* _Task goal_: Both the line containing "Set of 4 fried" and the line containing "Alla installerade skrivare" belong to the span. Output exactly that span from the listing below, and nothing outside it.

* _Records supplied_:
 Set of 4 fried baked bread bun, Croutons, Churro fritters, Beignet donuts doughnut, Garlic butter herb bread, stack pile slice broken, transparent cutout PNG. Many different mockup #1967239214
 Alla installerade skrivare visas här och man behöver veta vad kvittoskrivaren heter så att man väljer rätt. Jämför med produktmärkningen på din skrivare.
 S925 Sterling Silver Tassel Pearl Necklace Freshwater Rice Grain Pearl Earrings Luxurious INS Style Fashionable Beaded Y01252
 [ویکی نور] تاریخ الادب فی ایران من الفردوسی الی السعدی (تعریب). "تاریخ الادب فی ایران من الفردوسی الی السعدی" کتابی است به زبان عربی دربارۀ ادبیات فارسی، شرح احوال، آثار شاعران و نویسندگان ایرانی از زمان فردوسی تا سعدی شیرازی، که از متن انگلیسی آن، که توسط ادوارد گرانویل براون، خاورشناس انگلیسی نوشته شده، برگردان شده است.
...
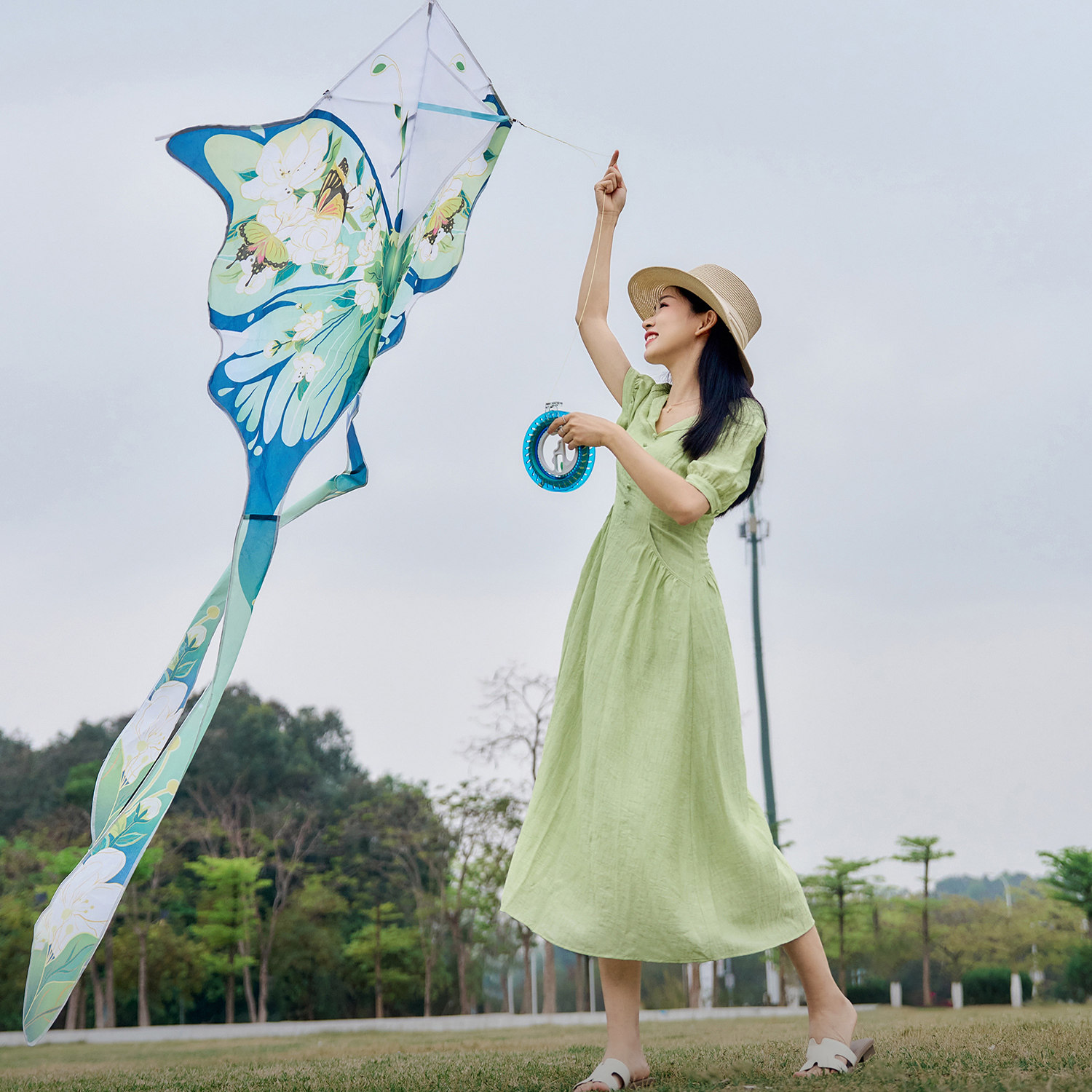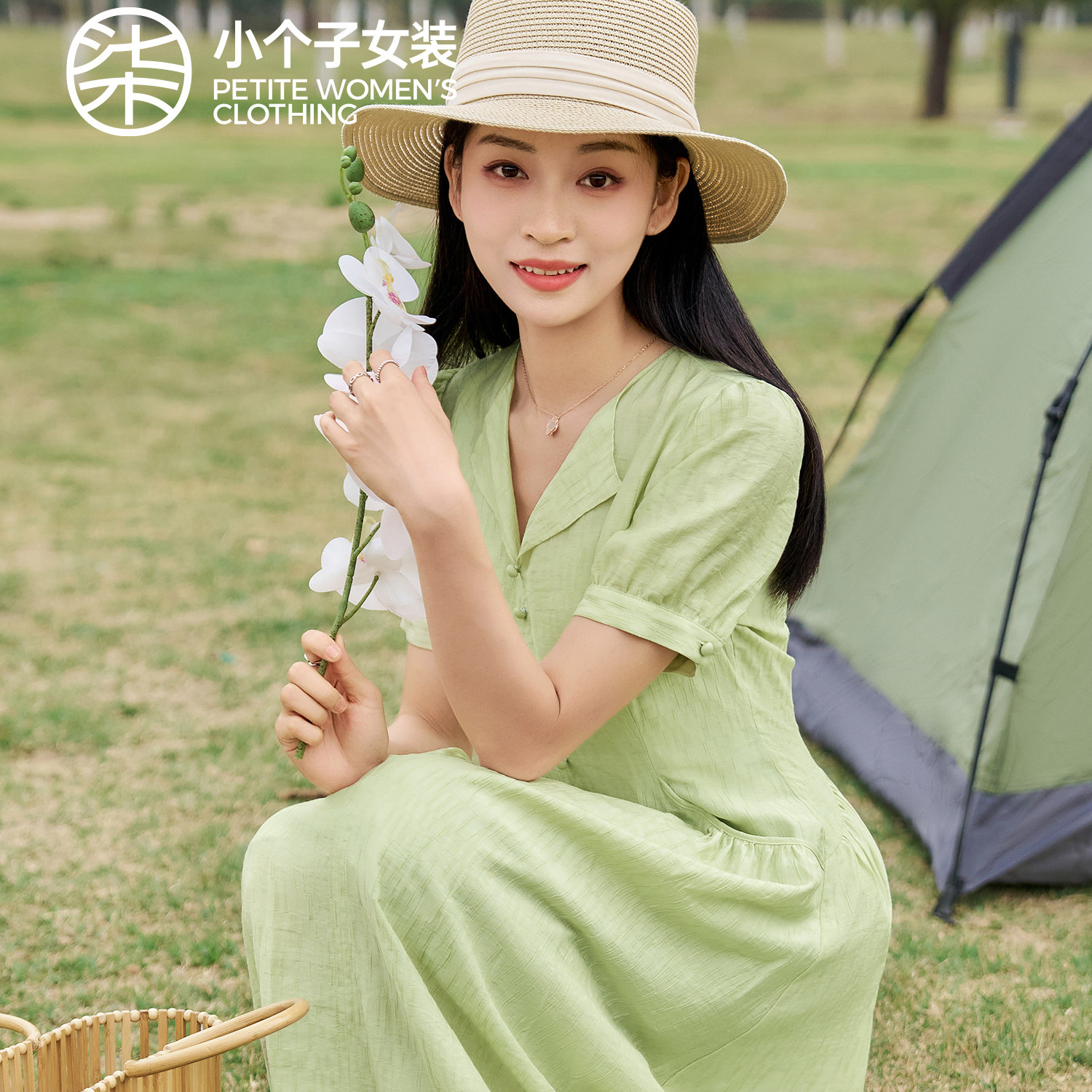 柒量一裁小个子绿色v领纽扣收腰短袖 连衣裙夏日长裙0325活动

* _Solution to this exercise_:
 Set of 4 fried baked bread bun, Croutons, Churro fritters, Beignet donuts doughnut, Garlic butter herb bread, stack pile slice broken, transparent cutout PNG. Many different mockup #1967239214
 Alla installerade skrivare visas här och man behöver veta vad kvittoskrivaren heter så att man väljer rätt. Jämför med produktmärkningen på din skrivare.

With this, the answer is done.